Time flies. It has been a few years since I had last talked to Bruce Magnusson in person. That was back in 2009 where we both gave a talk at a sled dog symposium in Michigan.
Last year Bruce finished in 9th position at the Pedigree® Stage Stop Race. He has been 3 times in 3rd position over his career. And quite a career that is. He has run it 15 times consecutively and has tied JR Anderson who has also participated 15 times, although not consecutively. Bruce has 54 dogs, of which he is training 26 for the Stage Stop Race. In his spare time, which I am sure “is plenty”, he runs another team of 10 with 8 yearlings.
When I talked to Fernando Ramirez, he mentioned that Bruce had helped him with dogs. From the sounds of it 9 or 10 of Fernando’s team mates might have their origin from the Magnusson kennel: ” I am very happy that these dogs have gone to Fernando and Dana, as their are extremely caring people “.
Training is definitely geared towards running fast for Bruce. He is already finished with his longest runs, which were 32 miles, which he did twice. It is pretty interesting how different training conditions have been for different mushers. “Michigan has had the best conditions I have seen”, Bruce said. What he is talking about is 112 Inches of snow. That is a whopper and not surprising to hear the he has been on the sled since November 6th, the earliest in his career. Training is every other day. Sometimes he runs twice a day, followed by 2 days off. In total the team sits at about 580 miles and should near 750 miles before the start of the Pedigree® Stage Stop Race. That is considerably less than in the past, where they were closer to 900 to 1100 Miles. Run Distances have been shortened over the years, with the longest distances no longer being 50 or even 70 miles.
Asking about the age group of his dogs: 10 are 3, 1 is 4, 2 are 5 and 1 six year old. Leaders are Andy (3), George (4) and Primrose (5). The split between females and males is 50:50. “I prefer bigger males for Wyoming. But I run my best dogs no matter what and some of the females seem to mature faster”. The dogs source of energy comes from Caribou Creek dryfood and a meat mix he developed with none other than Veterinarian Mike Davis from Oklahoma State University. Mike has been studying sled dogs and nutrition for a long time. I had the pleasure of working with him on Iditarod a few times.
Asked about his goal: “I want to win the Stage Stop”. That is pretty clear cut. Bruce loves the stage format. It is like a big reunion every year. It takes a very special dog to run 8 days in a row ( with 1 rest day ) at top speeds of 17 miles an hour. ” I learned more in 1 Stage Stop Race than in 10 years.” Yes managing a dogteam and keeping them healthy over many days of racing takes a lot of knowledge.

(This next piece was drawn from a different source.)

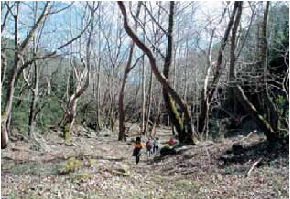
Από την εκδρομή στον Κίσαβο

Bruce joked: One year Doug Swingly told me: ” You get very good at carrying dogs, maybe you should not bring them”. ( I had a similar “pep talk ” by John Baker in Iditarod in the Rohn Checkpoint one year, which stuck with me through my racing career ). A the common theme I hear amongst mushers is how open and welcoming everybody at the Pedigree® Stage Stop Race is.
Bruce is soon to leave his Michigan home to go racing near Winnipeg Manitoba on the 17th,18th of January and then heading to West Yellowstone to continue his training. His racing season is far from over after the Pedigree® Stage Stop Race. As quite a few of the other Stage Stop Mushers he will head to The Pas 2 day Sprint Race. After likely to the Fur Rondy and ONAC in Alaska before finishing off the season with hopefully running the Copper Dog for the 1st time. Safe travels! Looking forward to seeing you in Jackson.
When I asked Bruce for pictures or video:” I run dogs, I do not take pictures”. Love it, true focus on the essential.